"5 After this there was a feast of the Jews, and Jesus went up to Jerusalem.
2 Now there is in Jerusalem by the Sheep Gate a pool, in Aramaic called Bethesda, which has five roofed colonnades. 3 In these lay a multitude of invalids—blind, lame, and paralysed. 5 One man was there who had been an invalid for thirty-eight years. 6 When Jesus saw him lying there and knew that he had already been there a long time, he said to him, “Do you want to be healed?” 7 The sick man answered him, “Sir, I have no one to put me into the pool when the water is stirred up, and while I am going another steps down before me.” 8 Jesus said to him, “Get up, take up your bed, and walk.”9 And at once the man was healed, and he took up his bed and walked.
Now that day was the Sabbath."
John 5:1-9
The next sign which John records is the healing of the impotent man at Bethesda.

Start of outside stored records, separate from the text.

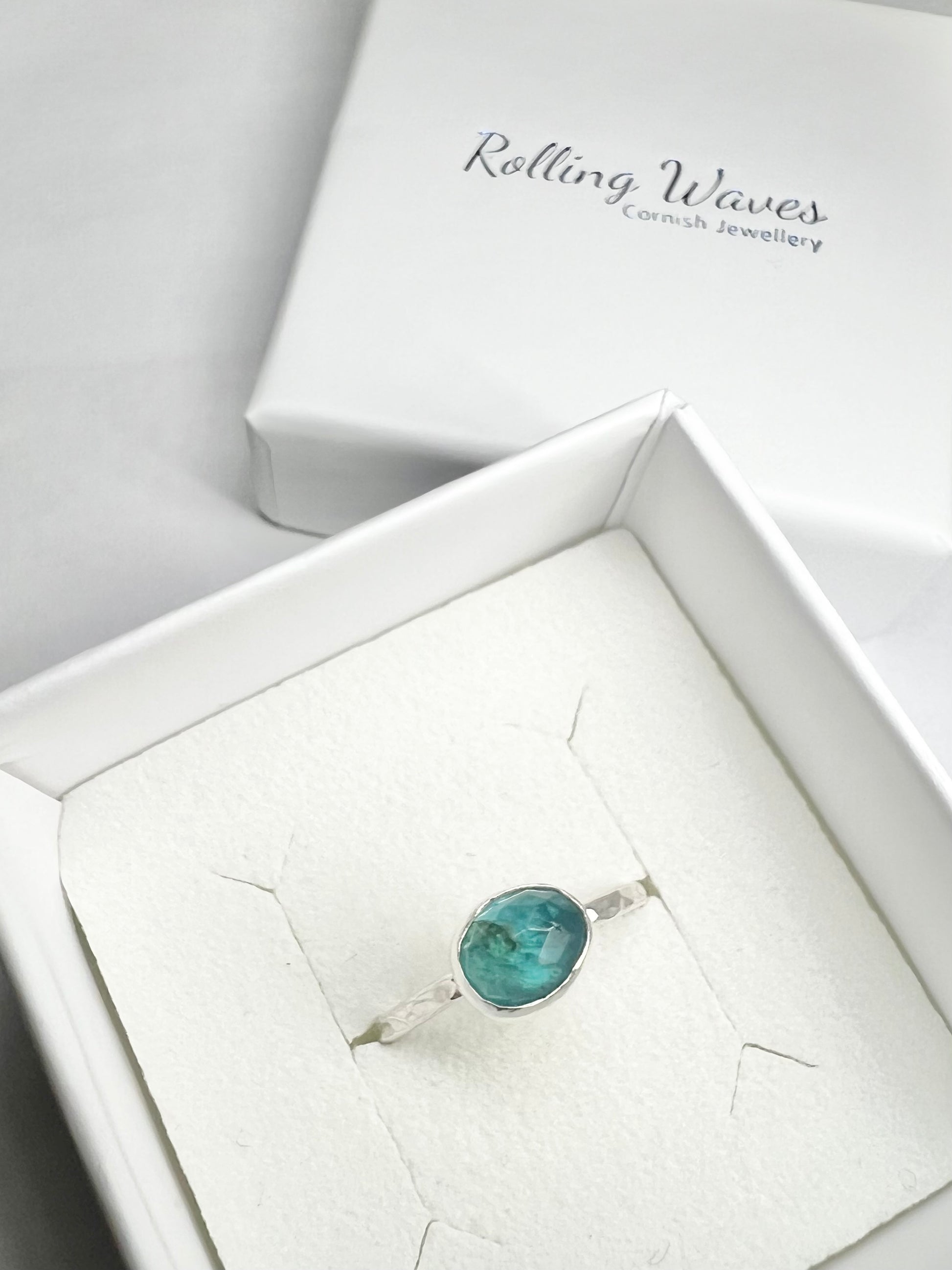 The ring will arrive in a branded Rolling Waves jewellery box and tied with a ribbon.
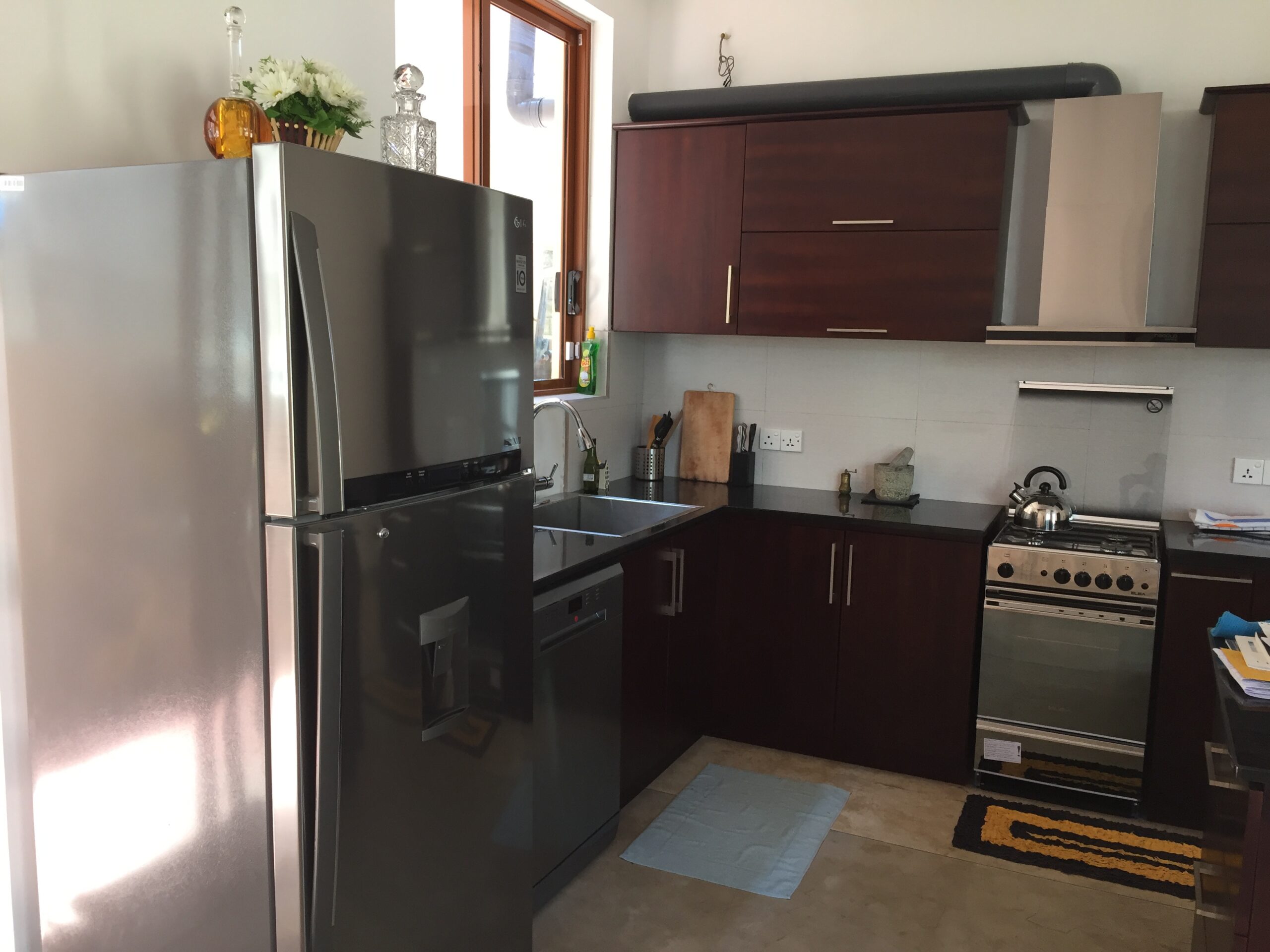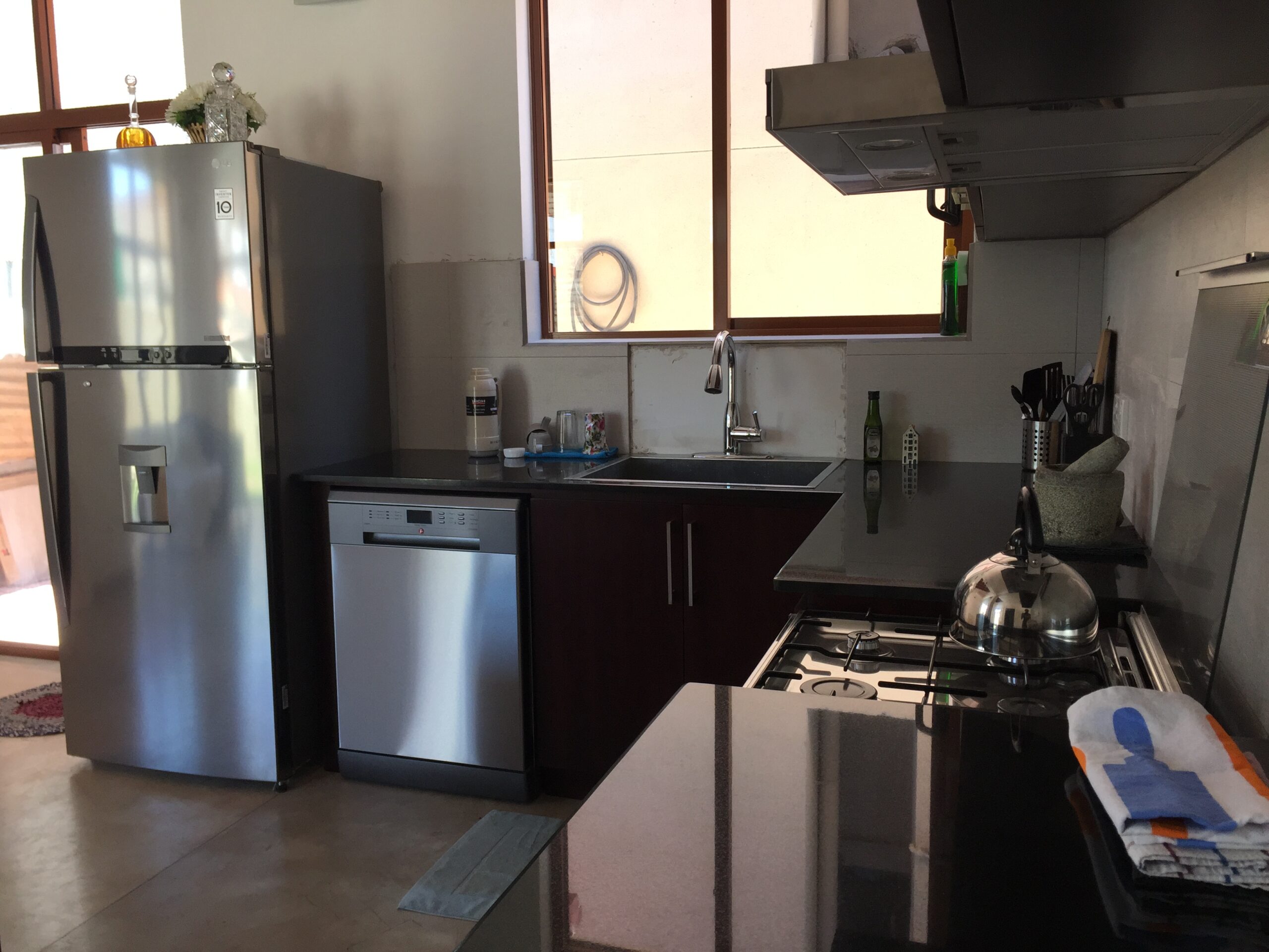 (7) Kitchen equipped with a large LG fridge with water dispenser, dishwasher, four-burner gas cooker, oven and fume-hood
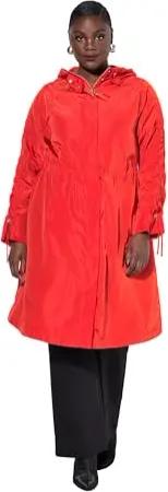 Damen große Größen Übergrößen Plus Size Mantel, A-Linie, wasserabweisend, Kapuzenkragen paprikarot 42+ 835277521-42+

We have already seen, in John's use of the word 'signs' to describe the miracles of Jesus, that these miracles are meant to be illustrations in the physical realm of what Jesus came to do in the spiritual realm, and that Jesus Himself indicates this in the way He proceeds to discourse on their significance. Thus, the healing of the impotent man here becomes the 'text', so to speak, on which the following sermon on the imparting of life to the dead (17ff) is based. It cannot therefore be arbitrary to draw spiritual lessons from this miracle. We have the best of authorities for doing so. John, then, is giving further weight to his main message about the meaning of Christ's coming, by showing the grand initiative of the Son of God Who comes to loose them that are bound and proclaim liberty to the captive. And it is this initiative in its most sovereign aspect, apart from faith on the man's part, for he is singled out from the crowd of blind, halt and withered, and sovereignly blessed by the Saviour. In all this, John's point is: Jesus is an all-sufficient Saviour, and there is nothing He cannot do, no need however great, however long-standing, that He cannot deal with and meet. To spiritualise the miracle in this way is not of course to belittle or decry its validity in the physical realm, for it was a remarkable evidence of the power of God that a man who had been impotent for thirty-eight years should have been made immediately and utterly whole. What could more convincingly demonstrate the breaking in of the kingdom of God into human life than this and the Kingship and Lordship of Christ over all sickness and disease?